• Care Home
  • Care home

Archived: Bonhomie Sarisbury Green

Overall: Requires improvement read more about inspection ratings

16 Glen Road, Sarisbury Green, Southampton, Hampshire, SO31 7FD (01489) 602222

Provided and run by:
Mr Amin Lakhani

All Inspections

31 May 2016

During a routine inspection

This inspection took place on 31 May and 1 June 2016 and was unannounced.

Bonhomie Sarisbury Green is a care home which provides care and support to people living with a wide range of complex healthcare needs. These include acquired brain injuries, neurological conditions, physical disabilities and mental health issues. At the time of our inspection there were nine people living at the service. The accommodation is made up of 16 small studios which have a living area with a small kitchen area where people can make drinks and prepare snacks. There are en-suite bathrooms to each bedroom area. People could access some of the facilities at a nearby service run by the same provider. For example, swimming pool and Jacuzzi which is used for therapeutic and leisure activities.

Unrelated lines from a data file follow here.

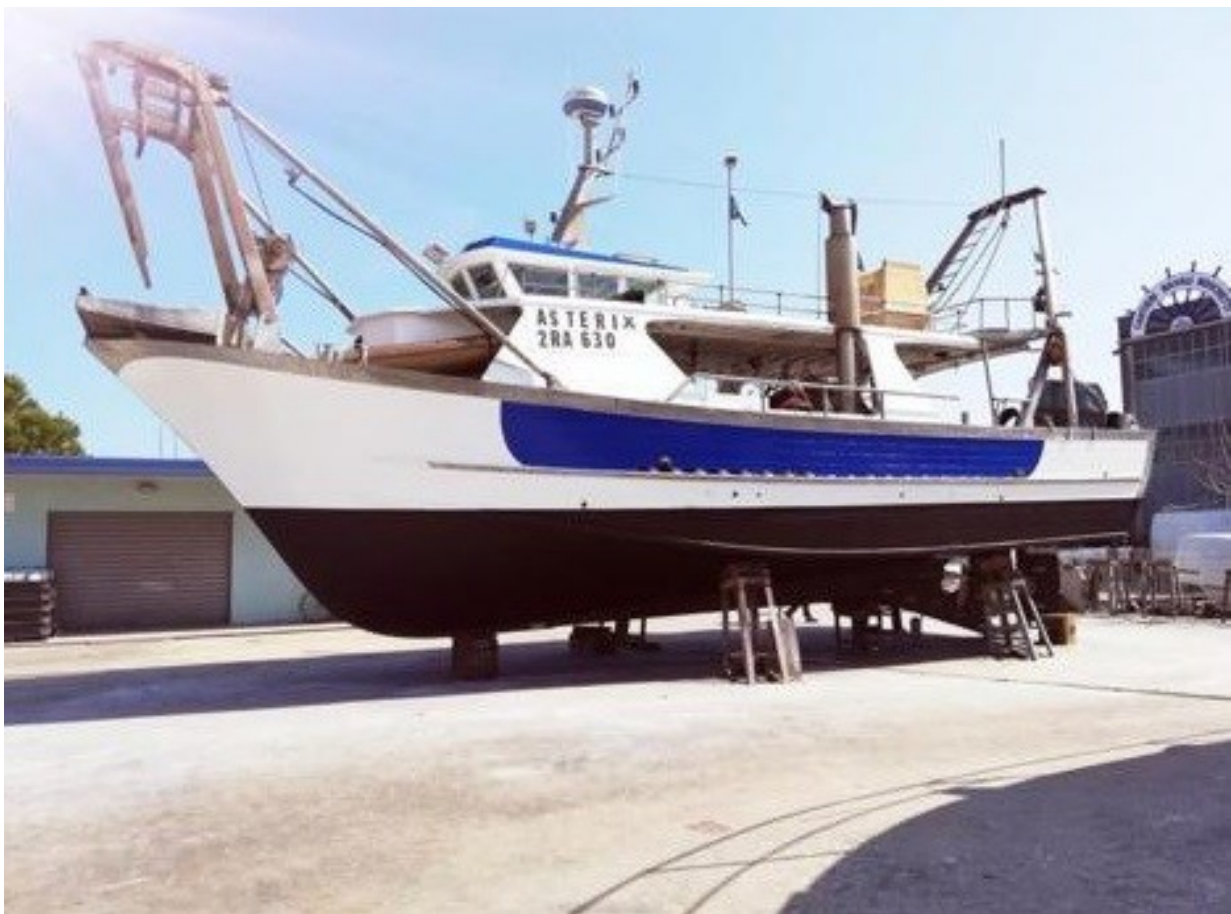
(Peschereccio Asterix 2RA630 che sarà utilizzato nelle aree di campionamento)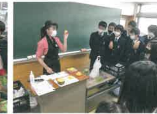
フルーツアート実習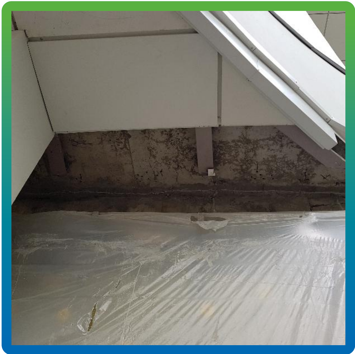
Примыкание плита стена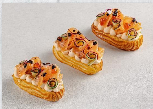
Эклер с сёмгой, икрой, огурчиком и соусом «крем-песто»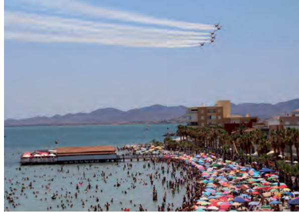
Fiesta del aire – 28 junio 2015 Centenario del Aeródromo y de la Hidroaviación Militar española

El mosaico cultural de Los Alcázares, abierto a todos los vientos y a todos los mares hace posible el crecimiento del gran árbol de la convivencia y a su sombra crece entre las buenas gentes la amistad, el respeto y la solidaridad.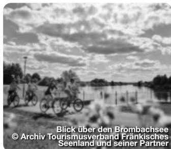
Blick über den Brombachsee

Badespaß und Erholung, Sportbegeisterung und Naturerlebnisse, echt fränkische Traditionen – das kontrastreiche Fränkische Seenland bringt all das zusammen. Sieben zugängliche Seen warten im Fränkischen Seenland auf Badenixen und Wassersportbegeisterte: Altmühlsee, Großer und Kleiner Brombachsee, Dennenloher See, Igelsbach-, Hahnenkamm- und Rothsee präsentieren sich als zugängliche Wasserflächen, die zum Baden, Boot fahren, Surfen und Segeln einladen. Auch an ihrem Ufer, wo wunderbare Sandstrände angelegt sind, ist für ein vielfältiges Freizeitangebot gesorgt. In der kontrastreichen Umgebung stößt man auf fränkische Fachwerkstädtchen, eingebettet in eine sanfte Hügellandschaft. TreffpunktDeutschland.de/fraenkisches-seenland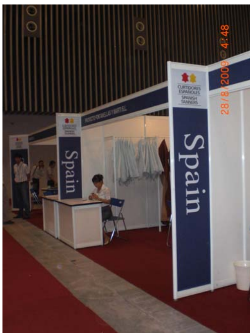
Shoes & Leather Vietnam

Entre el 27 y 29 de Agosto se celebró la 11ª edición de la Feria Internacional de Calzado y Piel en Ho Chi Minh, Vietnam. En ella han participado 110 expositores de 16 países cubriendo todos los sectores relacionados con la piel: maquinaria para calzado y curtidos, curtidos, pieles en bruto, componentes para calzado, productos químicos, accesorios y producto acabado.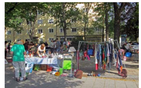
der Flohmarkt am Karl-Preis-Platz

Bonhomie House had a registered manager. A registered manager is a person who has registered with the Care Quality Commission to manage the service. Like registered providers, they are 'registered persons'. Registered persons have legal responsibility for meeting the requirements in the Health and Social Care Act

2008 and associated Regulations about how the service is run. The registered manager had been on long term sick, so the deputy manager was acting up into this role in their absence.

Processes and procedures to monitor the use of controlled medicines were not always being managed safely. These need to improve to ensure medicines are administered safely.

People that we spoke with told us that they felt safe. Staff had received training in safeguarding and were able to explain what they would do if they suspected that someone was being abused.

Recruitment and selection procedures were in place and appropriate checks were carried out before staff started work.

People living at the home had detailed care plans which included an assessment of risk. These were subject to regular review and contained sufficient detail to inform staff of risk factors and appropriate responses.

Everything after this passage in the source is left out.